#### Task:
The expected output is the data below, character for character, without its pictures.

##### Available data #####

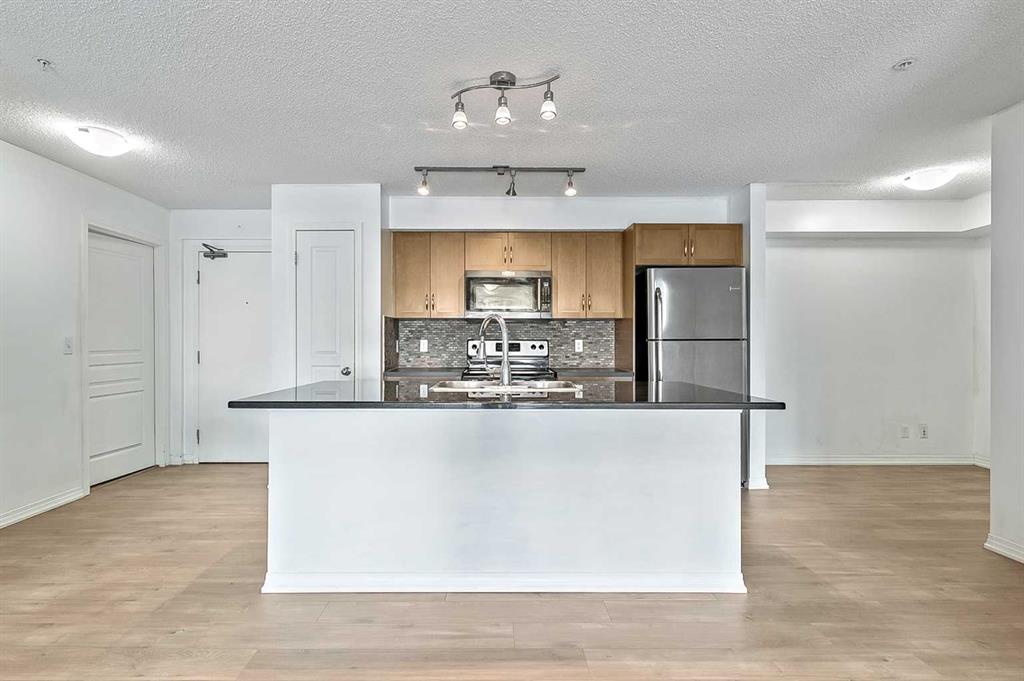 Priced to sell and move-in ready! This is one FABULOUS appointed 2 BED + DEN, 2 FULL BATH unit in a prime New Brighton location! Offering over 894 sq. ft. of bright, open-concept living, this impeccably maintained condo features a smart split-bedroom layout—perfect for roommates, guests, or anyone wanting extra privacy. The beautiful kitchen includes stainless steel appliances, cabinetry, a pantry, and a large island with granite counters and breakfast bar seating. The spacious living/dining area easily accommodates full-sized furniture and provides direct access to a private covered patio. Both bedrooms are generously sized with built-in closets and quick access to their own 4-pc bathrooms. A semi-private den offers an ideal work-from-home space. Additional highlights include in-suite laundry, in-unit storage, heated underground parking, and a separate storage locker. This well-managed building features landscaped grounds, visitor parking, and very reasonable condo fees. Located steps from countless amenities—grocery, dining, coffee shops, fitness, professional services, and the South Health Campus. Move-in ready and perfectly located—don’t miss this exceptional unit!
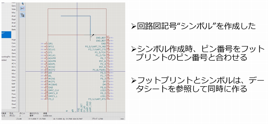 図1 シンボル作成の要点は,端子の正確な配置とパッド番号の整合.端子の多い部品は,整理された配置が回路図の可読性に直結するので,ライブラリ管理とシンボル設計を正確に行いたい.画像クリックで動画を見る.または記事を読む.[提供・著]善養寺 薫(ディスクリテック)
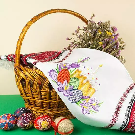 Переливи глянцевих ниток яскравих кольорів надають цій вишитій «картині» особливої святковості! Запашні крокуси, пасхальний хліб та крашанки – великодній рушник виглядає по-сучасному, втім все так же традиційно.

#####

#### Answer to this task:
 Priced to sell and move-in ready! This is one FABULOUS appointed 2 BED + DEN, 2 FULL BATH unit in a prime New Brighton location! Offering over 894 sq. ft. of bright, open-concept living, this impeccably maintained condo features a smart split-bedroom layout—perfect for roommates, guests, or anyone wanting extra privacy. The beautiful kitchen includes stainless steel appliances, cabinetry, a pantry, and a large island with granite counters and breakfast bar seating. The spacious living/dining area easily accommodates full-sized furniture and provides direct access to a private covered patio. Both bedrooms are generously sized with built-in closets and quick access to their own 4-pc bathrooms. A semi-private den offers an ideal work-from-home space. Additional highlights include in-suite laundry, in-unit storage, heated underground parking, and a separate storage locker. This well-managed building features landscaped grounds, visitor parking, and very reasonable condo fees. Located steps from countless amenities—grocery, dining, coffee shops, fitness, professional services, and the South Health Campus. Move-in ready and perfectly located—don’t miss this exceptional unit!
 図1 シンボル作成の要点は,端子の正確な配置とパッド番号の整合.端子の多い部品は,整理された配置が回路図の可読性に直結するので,ライブラリ管理とシンボル設計を正確に行いたい.画像クリックで動画を見る.または記事を読む.[提供・著]善養寺 薫(ディスクリテック)
 Переливи глянцевих ниток яскравих кольорів надають цій вишитій «картині» особливої святковості! Запашні крокуси, пасхальний хліб та крашанки – великодній рушник виглядає по-сучасному, втім все так же традиційно.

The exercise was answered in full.